Elbette edilgen bir kadın yok bu ibarenin arkasında onu edilgen kılmaya çalışan bir zihniyet var. Edilgen olmadığımın farkında olduğum ve bunu ortaya koyduğum müddetçe kimin ne dediğine fazla takılmıyorum.
26) Şair
kadınların bir kısmı edebiyatın farklı türlerinde (roman, hikâye, araştırma,
inceleme, deneme vs.) eserler veriyor. Bu yönelişi nasıl değerlendiriyorsunuz?

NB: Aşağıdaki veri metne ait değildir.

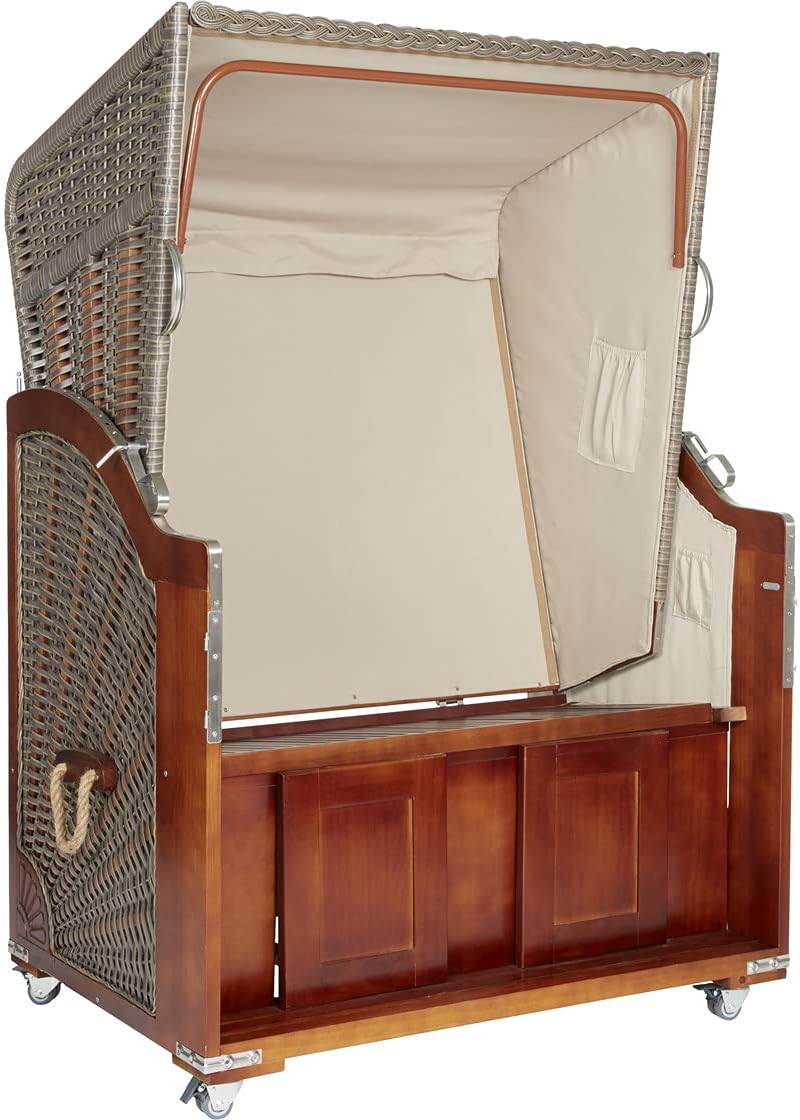 • LIEFERUMFANG – Der fertig montierte Strandkorb aus Pinie hat einen Polyrattan Geflecht in grau. Zu dem Gartenmöbel Set gehören, Rollen, 1 Schutzhülle, 2 Nackenkissen, 2 Zeitungs- und 2 Smartphonetaschen, 2 Wurfkissen, 2 Schwenktische und 2 Fußstützen

Bu güzel bir şey; edebiyat salt şiirle sınırlı değil ki. Her insan kadın ya da erkek, kendi ilgi alanları ve yazma becerileri doğrultusunda yönlenmeleri çok doğal.
27) Sizce
şiirin, içinde bulunduğu koşullar bağlamında nasıl bir sorumluluğu olmalıdır?
Ya da olmalı mıdır?
Şiirin sorumluluğu olmalıdır ama yalnızca sorumluluk duygusuyla hareket etmek şiiri özünden saptırabilir. Şiir konusunda ben, Paul Celan gibi düşünüyorum; şiir bir ortaya koyuştur. Birilerine dikte etmek, birilerine öğretmek değildir. Siz kendinizin güzelini ortaya koyarsınız, diğerleri görebildiği ölçüde görür. Toplumsal ve kişisel dönüşüm bu doğallık içinde gerçekleşirse kalıcı olur.
28) Ülkemizde,
son tahlilde, yaklaşık 110 derginin dolaşımda olduğu biliniyor. Bu dergilerin bir
kısmı aylık bir kısmı iki aylık periyotlarla;
önemli bir bölümü de yılda birkaç sayısıyla dolaşıma giriyor. Sadece iki
üç derginin editöryasında kadınlar bulunmaktadır. Bu kısırlığı nasıl
değerlendiriyorsunuz?
Ben yaklaşık 10 yıldır dergicilik yapıyorum. Editörlük demiyorum dergicilik. Çıkardığım her iki derginin de, hem Etken’in hem Şiirsaati’nin tasarımından tutun da ürün seçimi, baskı ve dağıtım, her şeyiyle kendim ilgileniyorum. Maddi kaygılar da bir yana. Bu ‘dergicilik’ oluyor. Diğer dergici arkadaşlarımın da benden bir farkı olduğunu sanmıyorum. (Sırtı kuvvetli birkaç İstanbul dergisi hariç. Bu dergilerde editör, sadece editördür.) Söylemek istediğim şu ki dergiciliği göze almak kolay değildir. Bu konuda kişinin kendi içsel itkisi belirleyici olur. Yeterince isteyen ve ortamın genel gidişinden rahatsızlığı olan kadın ya da erkek bu işe soyunabilir. Şunu açık yüreklilikle itiraf edebilirim. Bu işi yaparken, hiçbir erkeğin kısıtlayıcılığı ile karşılaşmadım. Hatta bazı ‘erkek’ dostlarım var ki bu konuda bana çok yardımları dokunmuştur. Bazı şair arkadaşlarım, yalnızca kadınların yazdığı dergi çıkarmayı önerdiler bana. Bunu karşı çıktım çünkü bunu yapmak; ayrımcının kendisi olmak demektir. Ben toplumsal alanlarda kadın ve erkeğin omuz omuza hareket etmesinden yanayım. Bütünsellik budur.
29) Şair
kadınların kendini belirginleştirme, özgünlüklerini ortaya koyma araçları
arasında, erkek şairler tarafından oluşturulmuş, büyük oranda kabul gören ‘şiir
anlayışları’yla ‘çatışmak’ da yer almalı mı? Alıyor mu?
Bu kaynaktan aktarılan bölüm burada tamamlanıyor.